From the Anti-Rape Bra to Chastity Belts: How Women Use Clothing for Protection

We now have the fashion industry interested in 'rape prevention' clothing.



What rape culture?




Shira Tarrant, co-editor of 2012's Fashion Talks: Undressing the Power of Style, a treatise on the politics of contemporary style, believes these newfangled attempts at arming women have symbolic importance. “Things like camouflage and body armor and ninja fashion, these have all been used in warfare—and rape is the everyday war that women face,” she tells The Daily Beast. “The fact that our fashion designs are beginning to reflect this means that we're shifting awareness about how seriously we're taking these issues.”


A collection of Yves Saint Laurent's Le Smoking female tuxedos are displayed at his retrospective in Denver in March 2012. (Ed Andrieski/AP)

Still, she accedes that what you wear can serve as a shield without the garments being literally rigged. “There are ways that I might clothe myself that are aesthetically pleasing, but also don’t highlight certain aspects of my sexual body.
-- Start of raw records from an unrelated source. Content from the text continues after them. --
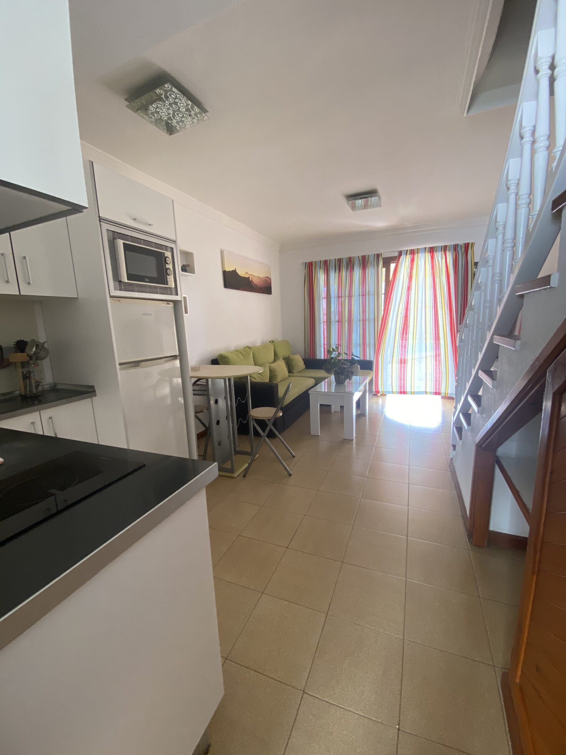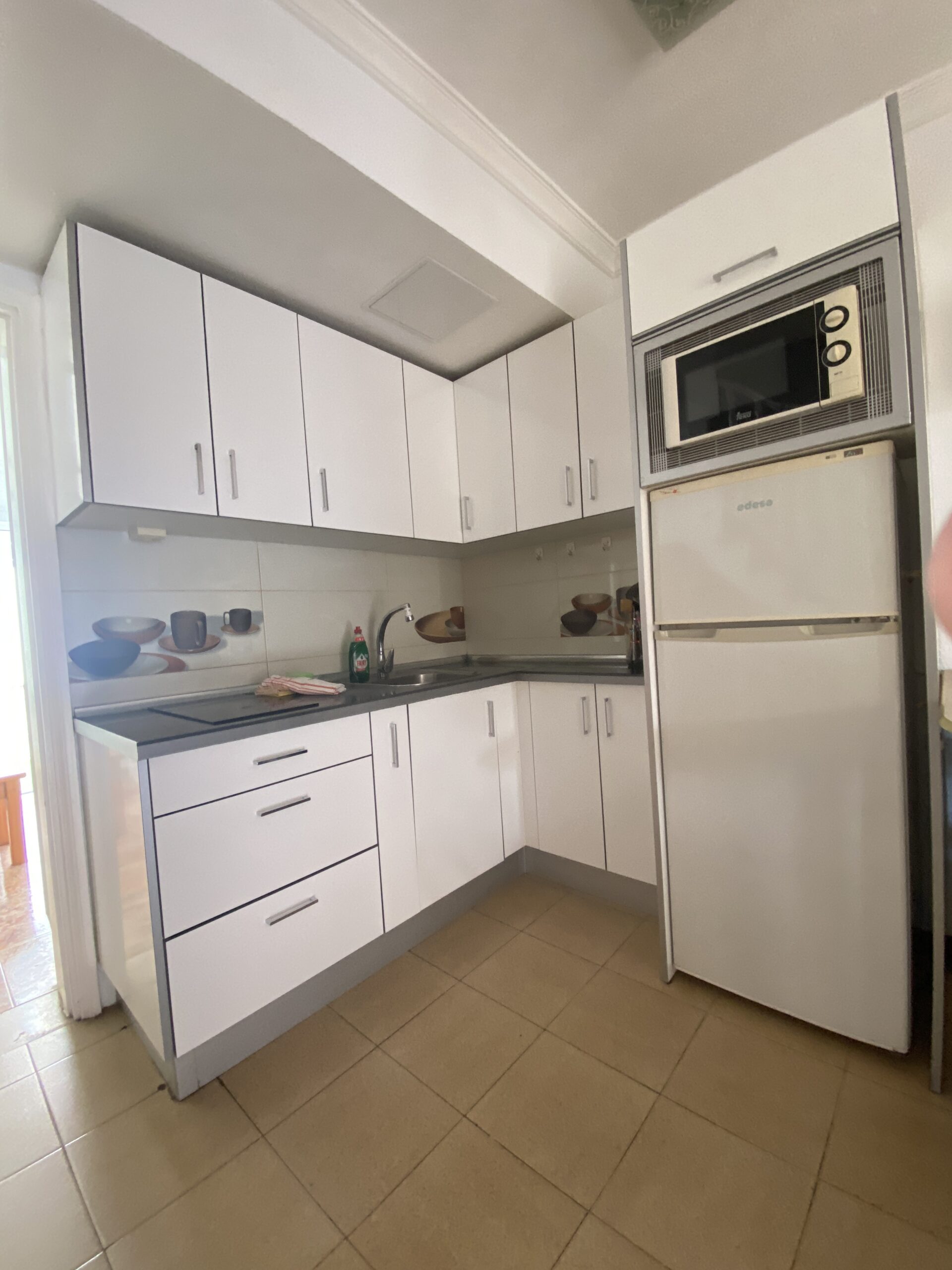 Cocina totalmente equipada, con microondas, nevera y utensilios de cocina.
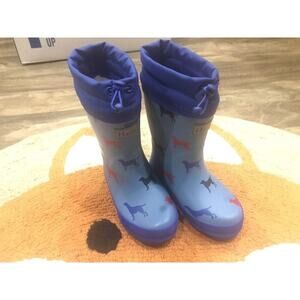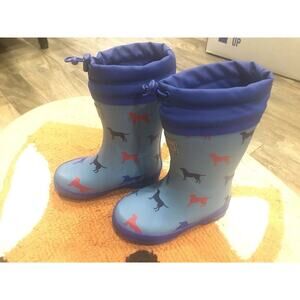 Very cute Hatley toddler boys Sherpa fleece lined, red & blue dogs winter/rain boots. Size US 9. Excellent gently used a small handful of times condition. Well cared for. No scuffs, scratches, marks, etc on these boots. Still has the original sticky tags on inside of shoes. 9-9.5 out of 10 if I had to rate. Originally paid $65 for these Hatley rain boots. (#285)
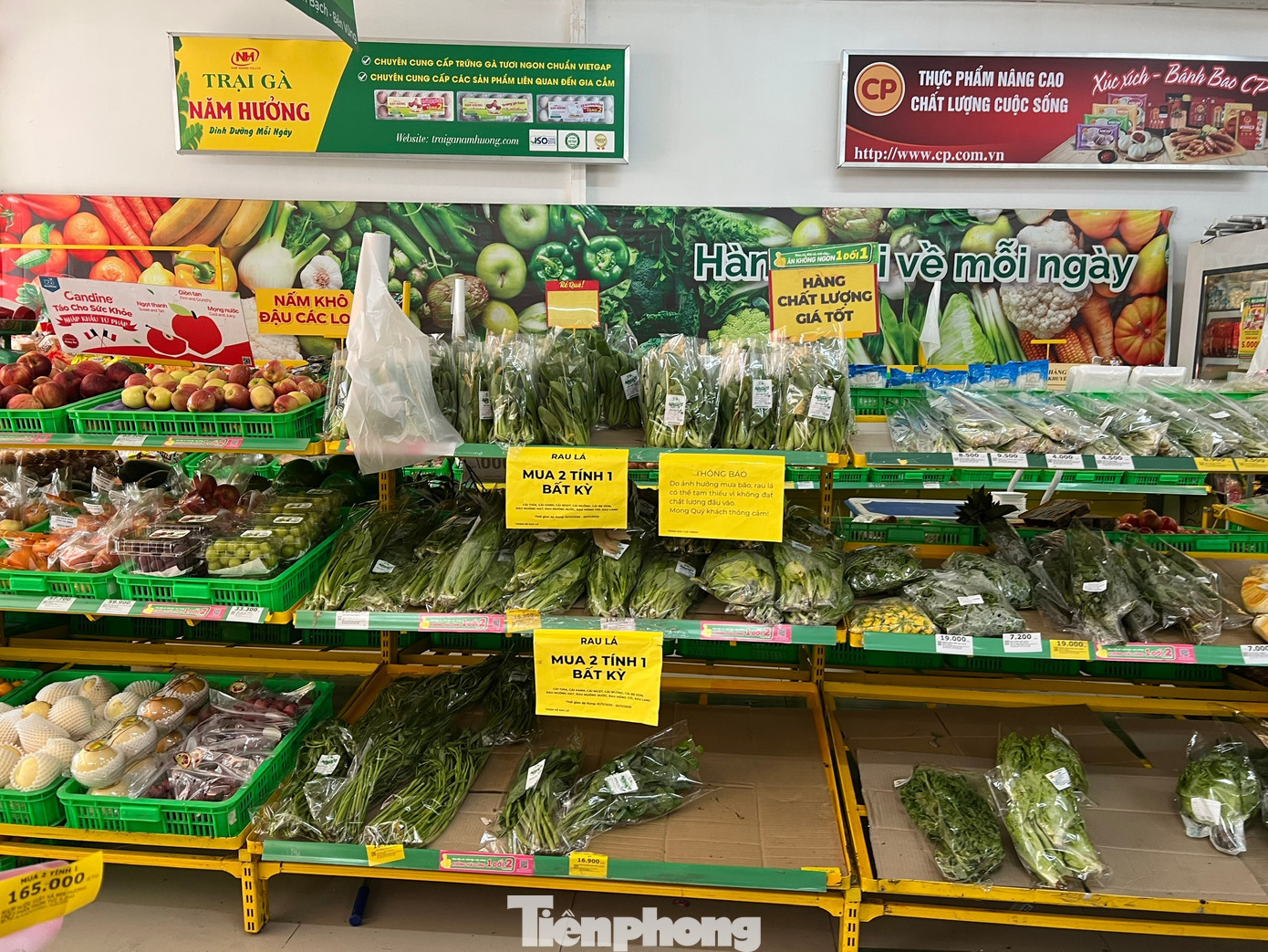 Nhiều siêu thị giảm giá rau trong thời điểm mặt hàng này đang tăng chóng mặt. Siêu thị Bách Hóa Xanh còn dán hẳn thông báo mong khách hàng thông cảm vì rau có thể tạm thiếu vì không đạt chất lượng đầu vào do mưa bão

That’s a form of armor. It’s like armor lite,” she says. One of the examples she offered was the uniform worn by ’90s riot grrrls, the feminist punk rockers whose bands, including Bikini Kill and Sleater-Kinney, regularly spoke out against rape and in support of empowerment. These were the women who made flowing “tentlike” baby-doll dresses and “kick ass” combat boots fashionable.
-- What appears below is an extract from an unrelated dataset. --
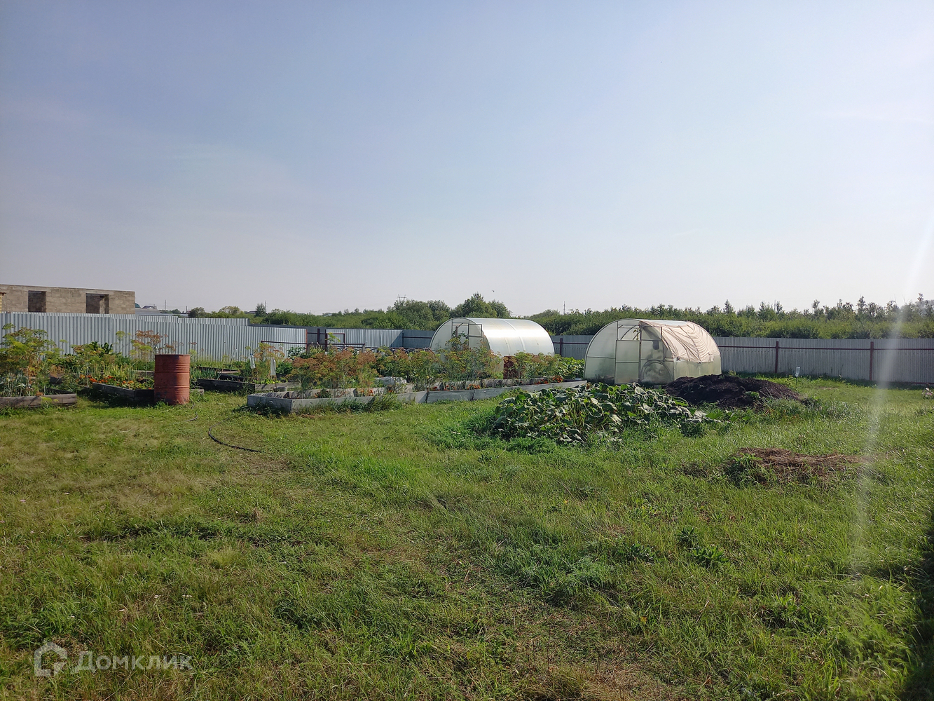 Участок 15 соток, огорожен забором из профлиста.

Along those lines, Valerie Steele, director and chief curator of the Museum at the Fashion Institute of Technology in New York, dismissed protective clothing as being outside the realm of fashion. Instead she thinks contemporary fashion’s “psychological aspects of protection” are more pertinent than its physical aspects. “The early theories of fashion tended to focus on the idea that dress was originally and primarily about protection, meaning essentially physical protection,” she tells The Daily Beast, and gives the example of shoes protecting feet. “Later theorists pretty much rejected the functional origins of dress and suggested instead that dress is much more about symbolic communication, particularly to display gender, sexuality, position in society, et cetera.”
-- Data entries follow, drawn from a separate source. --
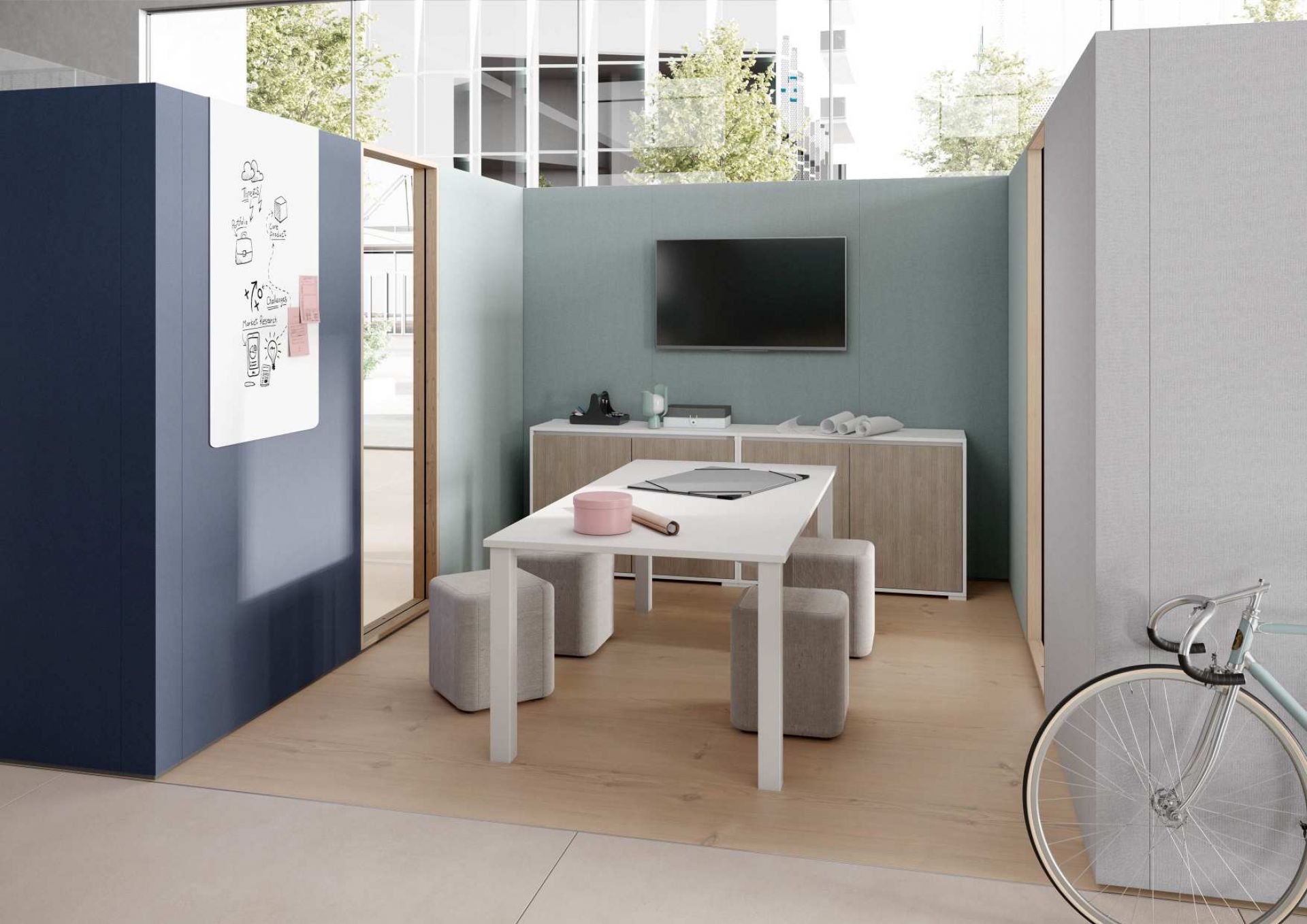 Längere Telefonate oder Besprechungen am Arbeitsplatz können in einer modernen Arbeitswelt die alltägliche Arbeit stören. Um in offenen Räumen Zonen für Besprechungen und zum Rückzug zu ermöglichen, können sogenannte Meetingboxen eingesetzt werden.
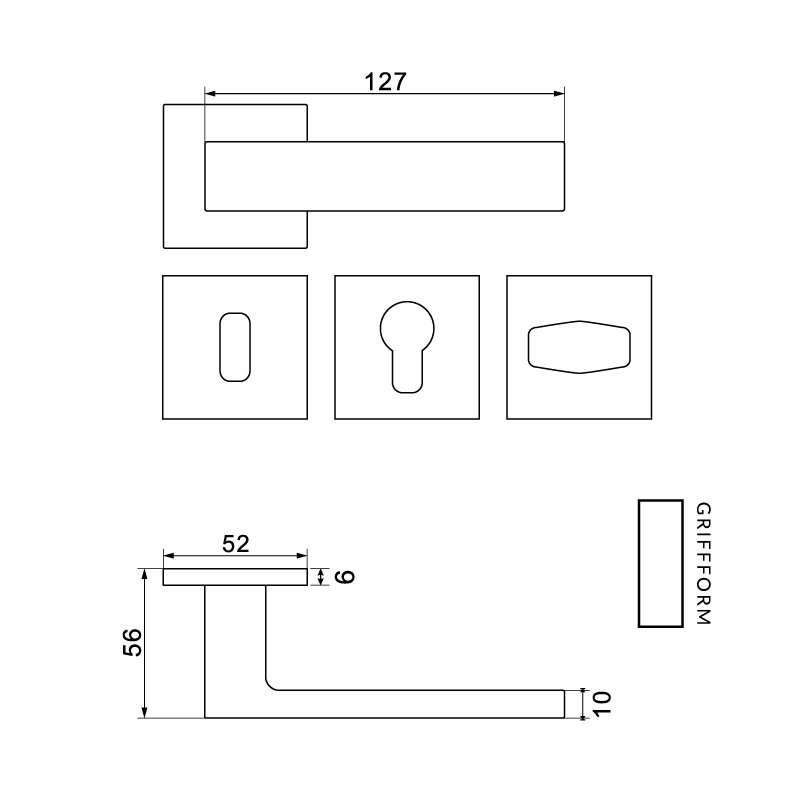 - Rosette: eckig, 52 × 52 mm, Aufbauhöhe ca. 6 mm
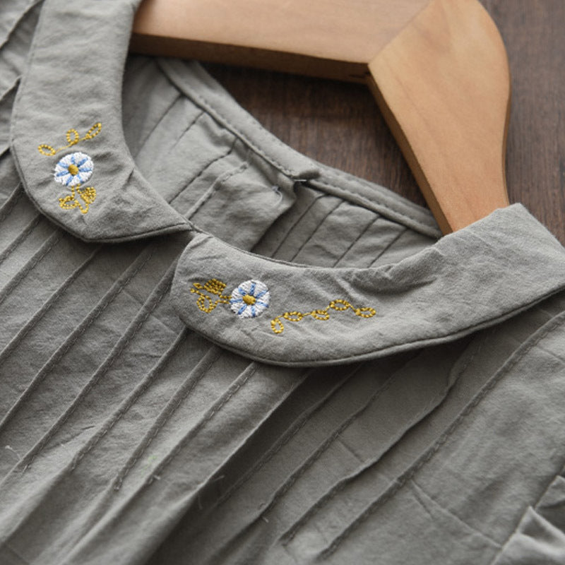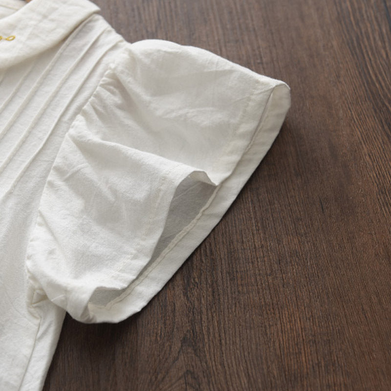 Princess Dress Flying Sleeves Embroidered Doll Collar Solid Color

Fashion can empower, even if it can’t protect. The little black dress is “like armor” in the sense that it bestows confidence on its wearer, Steele says. Not to mention Yves Saint Laurent’s iconic pantsuit, which started the ball rolling toward equality couture. In 1966 the French designer created a tuxedo suitable for women, called Le Smoking, which, according to Vogue, for the first time positioned the so-called second sex “at glittering galas standing lapel-to-lapel with a roomful of men in black.” In the 1980s Le Smoking became the power suit, and those glittering galas became executive offices. All this is not to say that men’s clothing has not historically served a physically protective function.